14 февраля 2023 г. в 18:59
Спать на диване. Зябнуть на крыльце в шесть утра, докуривая третью сигарету… Миша проворочался всю ночь, глотая обиду на Михаила. Сон не шёл. Чувства обострились, требуя самокопания.
Таль поёжился, поджигая новую сигарету. Он достаточно давно влюблён в Михаила Моисеевича. Обнимать его, такого сильного духом, могучего, заботливого… Миша любил. Он не мог смириться с тем, что Михаил ему периодически не доверял, опрашивая, что за девушку видел тот или иной шахматист в компании рижанина.
«Что это значит, Михаил?» — поправляя очки, сердито спрашивал Ботвинник.

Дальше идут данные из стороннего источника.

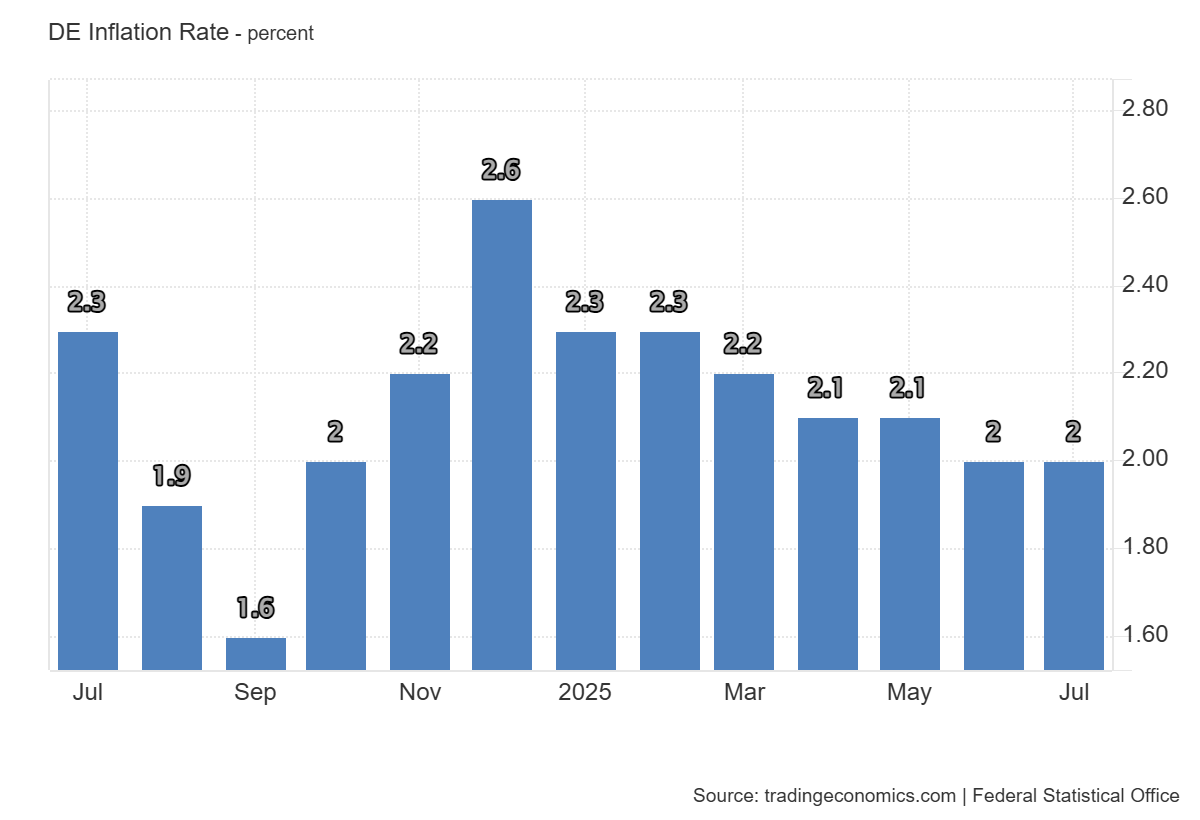 Германиядағы жылдық инфляция шілдеде 2.0%-ды құрап, болжамға сәйкес келді және өткен айдағы деңгейден өзгерген жоқ. Бұл нәтиже ЕОБ мақсатты деңгейіне жақын баға тұрақтылығын көрсетеді. Күтпеген өзгерістердің болмауы ақша-несие саясатына қатысты белгісіздікті азайтады: негізгі сценарий бойынша ағымдағы параметрлер сақталады, ал егер экономикалық баяулау тереңдесе және еуроаймақ бойынша деректер мүмкіндік берсе, кейіннен жұмсарту ықтималдығы қарастырылуы мүмкін.
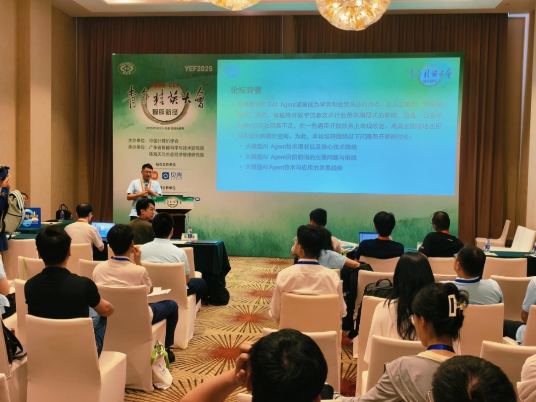 5月22日上午,由CCF主办,广东省智能科学与技术研究院、珠海天元生态经济管理研究院承办的2025 CCF青年精英大会(YEF2025)在横琴盛大开幕!本届大会以“智辟新径”为主题,邀请了150余位来自高校、科研院所、企业的学者、专家,将呈上包括7个特邀报告、5个思想秀报告、2场大会论坛、1场大学生学术秀和22场专题论坛的科技盛宴。
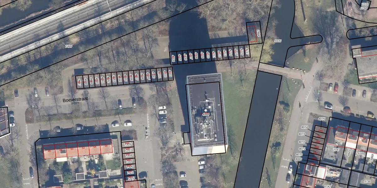 Het perceel waarop Boeierstraat 107 staat heeft een oppervlakte van 702 m². Dit is een groot perceel. De perceeloppervlakte wordt geregistreerd door het Kadaster. Gedetailleerde informatie over de maten van dit perceel kunt u vinden in het rapport Kadastrale kaart met maatvoering van Boeierstraat 107.
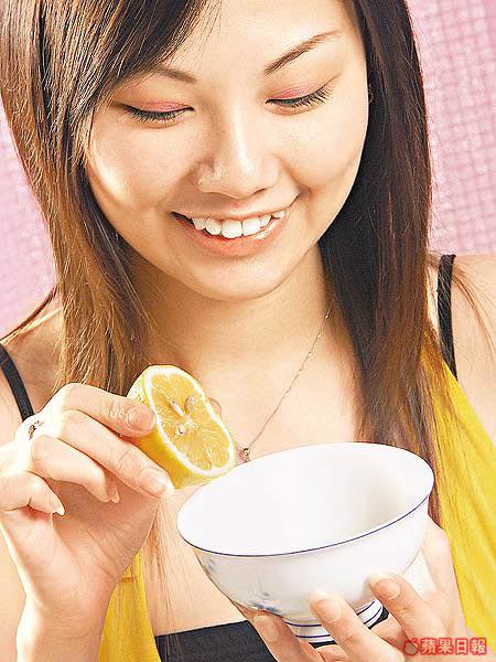 將蘋果磨成茸,加入檸檬汁然後拌勻,敷在面上約15分鐘,最後以清水洗淨。
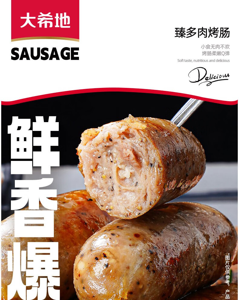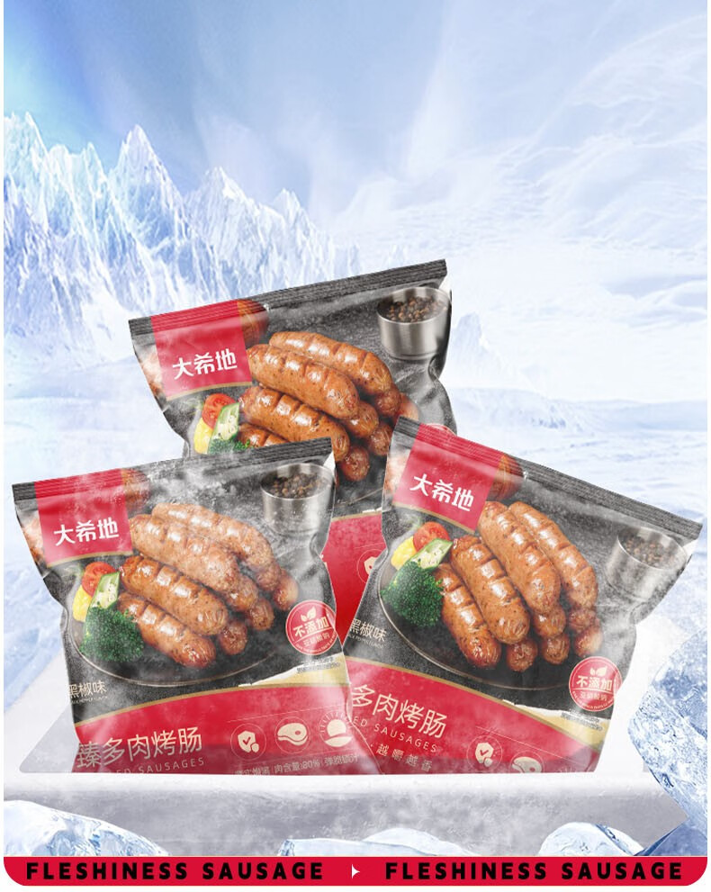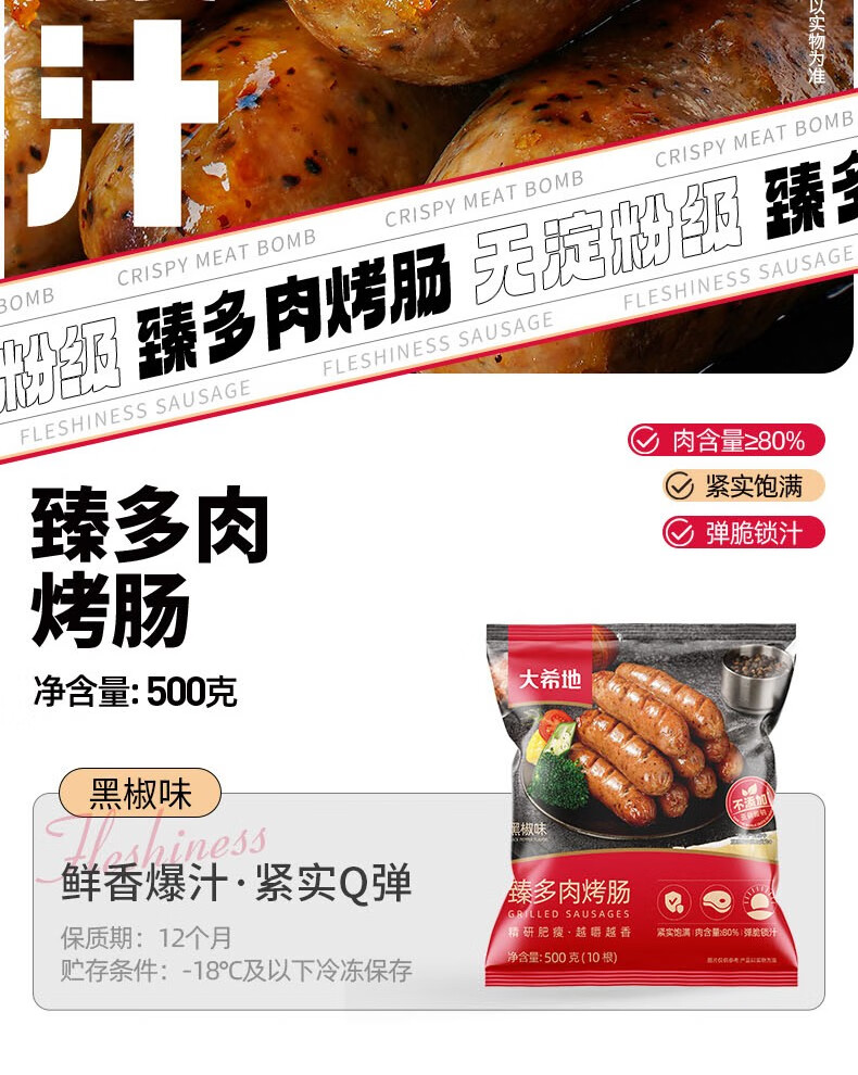大希地无淀粉火山石烤肠黑胡椒味2斤/20根 早餐火腿肠烧烤 春节也送货

Таль не мог взять в толк, зачем он следит? Мифическая слава ловеласа, разносимая журналистами? Так это было от нехватки секса, когда они ещё не встречались, а его жена была беременна… Таль пустил колечко дыма. Сейчас бы водки! Как-то горько всё… Уехать с дачи он не мог. Ботвинник, его машина… Здесь, в этой дыре, нет такси! Зря, конечно, Миша так подумал «Николина гора» весьма уважаемый посёлок, в котором живут талантливые люди. И такие вот сухари, как этот старый пердун! Видите ли патриарх! Всевидящий! Вездесущий! Тьфу!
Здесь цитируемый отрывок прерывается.